经典的状态压缩DP,状态是f[i][j],表示第i行,以3进制j为状态。j的位代表一个格子,只能是:0表示第i行和第i - 1行都没有炮兵,1表示第i行没有炮兵而第i-1行有炮兵,2表示第i行有炮兵。然后用DFS进行状态转移。一开始我做了超时,后来预处理了一下合法状态,快了不少,才AC。
/**//*************************************************************************
Author: WHU_GCC
Created Time: 2007-9-29 20:53:51
File Name: pku1185.cpp
Description:
************************************************************************/
#include <iostream>
using namespace std;
#define out(x) (cout << #x << ": " << x << endl)
typedef long long int64;
const int maxint = 0x7FFFFFFF;
const int64 maxint64 = 0x7FFFFFFFFFFFFFFFLL;
template <class T> void show(T a, int n) 

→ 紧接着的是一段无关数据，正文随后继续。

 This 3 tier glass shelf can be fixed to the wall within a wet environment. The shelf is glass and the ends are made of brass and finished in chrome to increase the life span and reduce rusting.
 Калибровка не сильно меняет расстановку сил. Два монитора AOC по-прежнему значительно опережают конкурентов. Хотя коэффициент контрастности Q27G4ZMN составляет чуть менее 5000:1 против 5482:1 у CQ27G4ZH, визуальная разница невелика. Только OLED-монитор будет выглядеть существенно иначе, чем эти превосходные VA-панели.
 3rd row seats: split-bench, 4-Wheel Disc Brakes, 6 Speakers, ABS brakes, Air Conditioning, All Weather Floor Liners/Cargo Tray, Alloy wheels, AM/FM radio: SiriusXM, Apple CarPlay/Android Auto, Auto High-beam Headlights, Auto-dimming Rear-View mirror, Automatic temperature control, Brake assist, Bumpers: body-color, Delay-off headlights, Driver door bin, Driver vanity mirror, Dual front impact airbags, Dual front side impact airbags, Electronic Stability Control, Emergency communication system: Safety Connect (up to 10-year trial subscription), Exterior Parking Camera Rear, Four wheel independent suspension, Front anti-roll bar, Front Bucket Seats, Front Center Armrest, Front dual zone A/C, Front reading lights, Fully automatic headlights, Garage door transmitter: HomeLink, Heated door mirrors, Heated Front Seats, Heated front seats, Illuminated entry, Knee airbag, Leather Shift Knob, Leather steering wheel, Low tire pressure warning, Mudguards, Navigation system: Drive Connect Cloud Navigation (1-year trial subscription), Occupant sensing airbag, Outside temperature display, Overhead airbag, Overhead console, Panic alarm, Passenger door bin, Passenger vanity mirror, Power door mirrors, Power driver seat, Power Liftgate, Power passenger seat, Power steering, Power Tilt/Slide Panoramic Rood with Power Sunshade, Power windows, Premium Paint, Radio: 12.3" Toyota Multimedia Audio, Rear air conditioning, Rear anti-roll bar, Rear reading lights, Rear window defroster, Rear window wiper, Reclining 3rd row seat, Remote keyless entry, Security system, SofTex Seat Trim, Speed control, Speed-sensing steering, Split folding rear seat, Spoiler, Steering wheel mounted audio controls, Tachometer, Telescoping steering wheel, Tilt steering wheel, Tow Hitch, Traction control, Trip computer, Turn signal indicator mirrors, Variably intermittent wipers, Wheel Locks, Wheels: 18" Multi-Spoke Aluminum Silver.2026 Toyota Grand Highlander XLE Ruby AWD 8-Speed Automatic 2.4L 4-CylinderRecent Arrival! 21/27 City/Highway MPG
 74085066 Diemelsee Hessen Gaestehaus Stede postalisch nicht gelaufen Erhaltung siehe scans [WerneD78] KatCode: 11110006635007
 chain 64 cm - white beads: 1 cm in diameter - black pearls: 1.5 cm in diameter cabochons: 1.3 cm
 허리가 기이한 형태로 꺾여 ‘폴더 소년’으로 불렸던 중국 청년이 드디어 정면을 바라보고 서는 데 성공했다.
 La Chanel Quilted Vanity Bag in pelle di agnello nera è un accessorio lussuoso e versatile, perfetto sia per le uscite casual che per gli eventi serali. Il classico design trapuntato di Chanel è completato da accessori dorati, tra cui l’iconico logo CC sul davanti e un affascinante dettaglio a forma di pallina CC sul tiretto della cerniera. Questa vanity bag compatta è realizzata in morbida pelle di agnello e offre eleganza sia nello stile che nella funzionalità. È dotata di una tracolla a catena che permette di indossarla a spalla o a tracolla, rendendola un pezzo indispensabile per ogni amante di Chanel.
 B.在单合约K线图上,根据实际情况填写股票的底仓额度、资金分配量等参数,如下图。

{ for (int i = 0; i < n; ++i) cout << a[i] << ' '; cout << endl; }
template <class T> void show(T a, int r, int l) { for (int i = 0; i < r; ++i) show(a[i], l); cout << endl; }
const int maxn = 110;
const int maxm = 11;
const int mask[] = {1, 3, 9, 27, 81, 243, 729, 2187, 6561, 19683, 59049, 177147, 531441, 1594323};
int n, m;
int g[maxn][maxm];
int f[maxn][59049];
int ok_state[10000];
int len;
int bits[14];
inline int get_bit(int x, int k)
{
return x % mask[k + 1] / mask[k];
}
void dfs(int origin_state, int origin_line, int now_col, int delta)
{
if (now_col >= m)
{
int new_state = 0;
for (int i = 0; i < m; i++)
if (bits[i] > 0)
new_state += bits[i] * mask[i];
f[origin_line + 1][new_state] >?= f[origin_line][origin_state] + delta;
return;
}
if (bits[now_col] == -1 && g[origin_line + 1][now_col] == 0)
{
bits[now_col] = 2;
dfs(origin_state, origin_line, now_col + 3, delta + 1);
bits[now_col] = -1;
}
dfs(origin_state, origin_line, now_col + 1, delta);
}
void dfs1(int now_col, int new_state, int last1, int last2)
{
if (now_col >= m)
{
ok_state[len++] = new_state;
return;
}
if (last1 != 2 && last2 != 2)
dfs1(now_col + 1, new_state + 2 * mask[now_col], 2, last1);
if (last1 != 1 && last2 != 1)
dfs1(now_col + 1, new_state + mask[now_col], 1, last1);
dfs1(now_col + 1, new_state, 0, last1);
}
void pre_process()
{
len = 0;
dfs1(0, 0, -1, -1);
}
int dp()
{
memset(f, -1, sizeof(f));
f[0][0] = 0;
for (int i = 0; i < n; i++)
{
for (int j = 0; j < len; j++)
if (f[i][ok_state[j]] != -1)
{
for (int k = 0; k < m; k++)
bits[k] = get_bit(ok_state[j], k) - 1;
dfs(ok_state[j], i, 0, 0);
}
}
int ret = 0;
for (int i = 0; i < mask[m]; i++)
ret >?= f[n][i];
return ret;
}
int main()
{
char s[22];
scanf("%d%d", &n, &m);
for (int i = 1; i <= n; i++)
{
scanf("%s", s);
for (int j = 0; j < m; j++)
if (s[j] == 'P')
g[i][j] = 0;
else
g[i][j] = 1;
}
pre_process();
printf("%d\n", dp());
return 0;
}